Vascular endothelium, hemodynamics, and the pathobiology of atherosclerosis

Abstract

The localization of atherosclerotic lesion formation to regions of disturbed blood flow associated with certain arterial geometries, in humans and experimental animals, suggests an important role for hemodynamic forces in the pathobiology of atherosclerosis. There is increasing evidence that the vascular endothelium, which is directly exposed to various fluid mechanical forces generated by pulsatile blood flow, can discriminate among these different biomechanical stimuli and transduce them into genetic regulatory programs that modulate endothelial function. In this brief review, we discuss how biomechanical stimuli generated by blood flow can influence endothelial functional phenotypes, and explore the working hypothesis of "atheroprone" hemodynamic environments as "local risk factors" in atherogenesis. In addition, we consider the therapeutic implications of the activation of "atheroprotective genes" and their role as "critical regulatory nodes" in vascular homeostasis.

Fig. 1

Nonrandom pattern of early atherosclerotic lesion development in mouse aorta. (A) Dissected aortic arch from a LDL receptor-deficient (LDLR−/−) mouse fed a cholesterol-rich diet stained with oil red-O to mark early atherosclerotic lesions (adapted from Ref. [65]). (B) Location of “atherosclerosis-resistant” and “atherosclerosis-susceptible” regions, indicated on an intact mouse aorta, corresponding to the descending thoracic aorta and the lesser curvature of the aortic arch, respectively. (C) En face confocal microscopy of the endothelium of these regions showing distinct cell shapes (cell junctions stained for CD31).

Fig. 2

A novel in vitro biomechanical model system for the analysis of atheroprotective and atheroprone endothelial phenotypes in human endothelial cells. Computational fluid mechanical analysis of flow patterns of the normal human carotid artery yielded two prototypic arterial waveforms–“atheroprotective” and “atheroprone,” representative of the wall shear stresses of the carotid sinus and the distal internal carotid artery, which are typically “susceptible” or “resistant,” respectively, to atherosclerosis. These biomechanical stimuli were recreated on the surface of cultured human endothelial monolayers in a dynamic flow system, and the resultant transcriptomes were subjected to detailed bioinformatic analyses.

Fig. 3

Critical regulatory nodes in vascular homeostasis.

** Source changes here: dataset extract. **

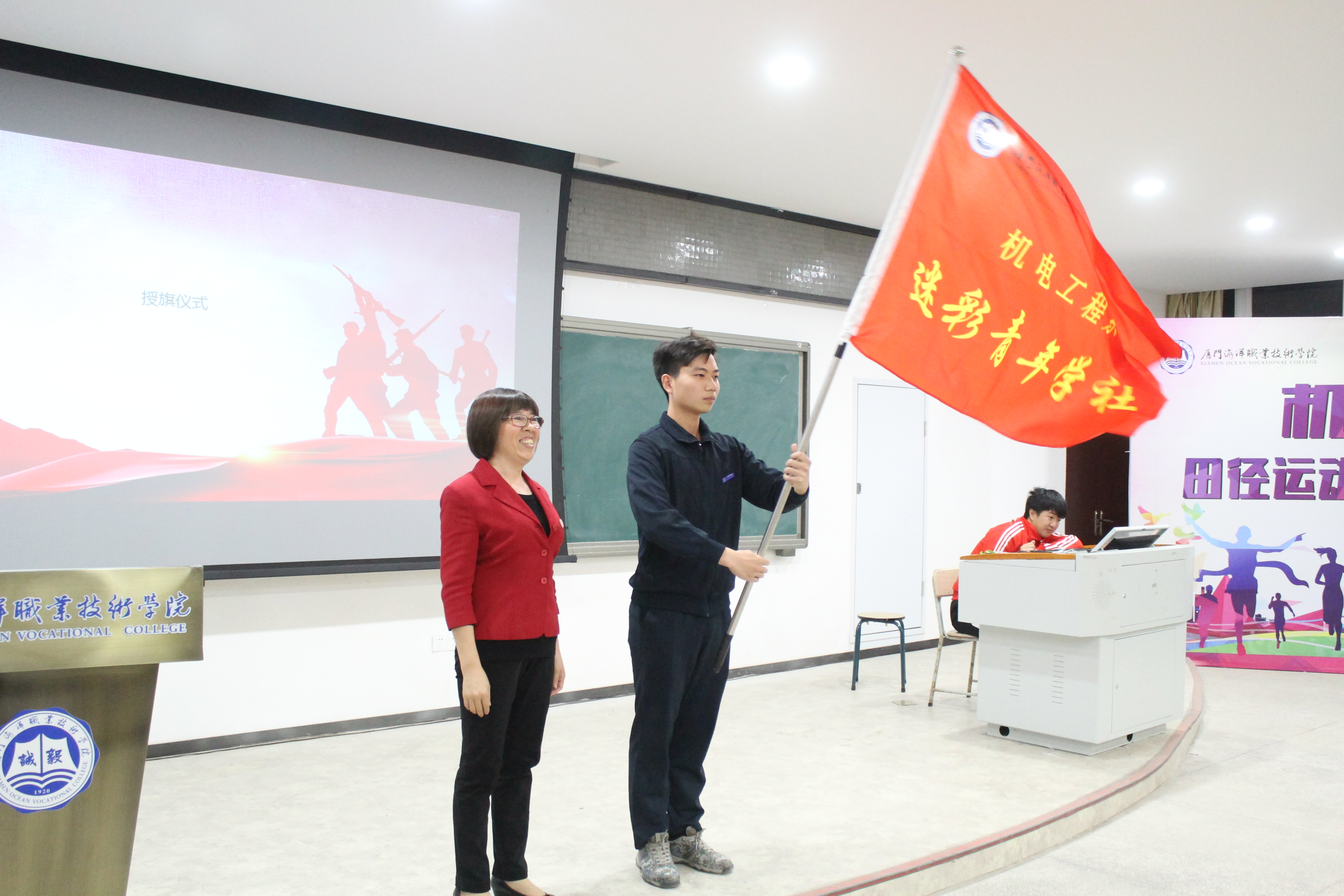 为增强大学生国防意识,做好学生国防知识教育、征兵动员、军事训练等工作,11月28日晚,机电系在翔教梯1隆重举行以退伍学生为骨干的迷彩青年先锋队成立暨授旗仪式。系党总支书记林玉媛、主任王忠杰、团总支书记黄瑞武、全体辅导员、学生代表及全体迷彩先锋队员参加。
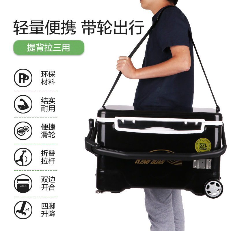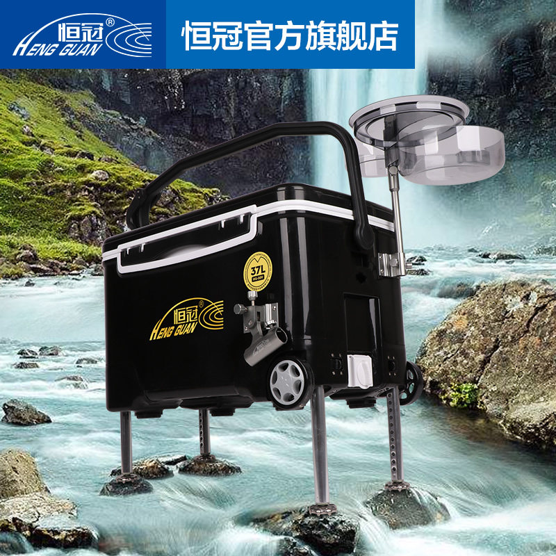 恒冠37L多功能钓鱼箱台钓箱全套特价四脚箱子渔具超轻加厚带轮089

Induction of the transcription factors KLF2 and Nrf2 by atheroprotective flow orchestrates a multifunctional genetic program, the net effects of which contribute to the maintenance of endothelial vasoprotective phenotypes. Statins, and potentially other yet-to-be-defined agents, through their induction of KLF2 can function as pharmacomimetics of atheroprotective flow.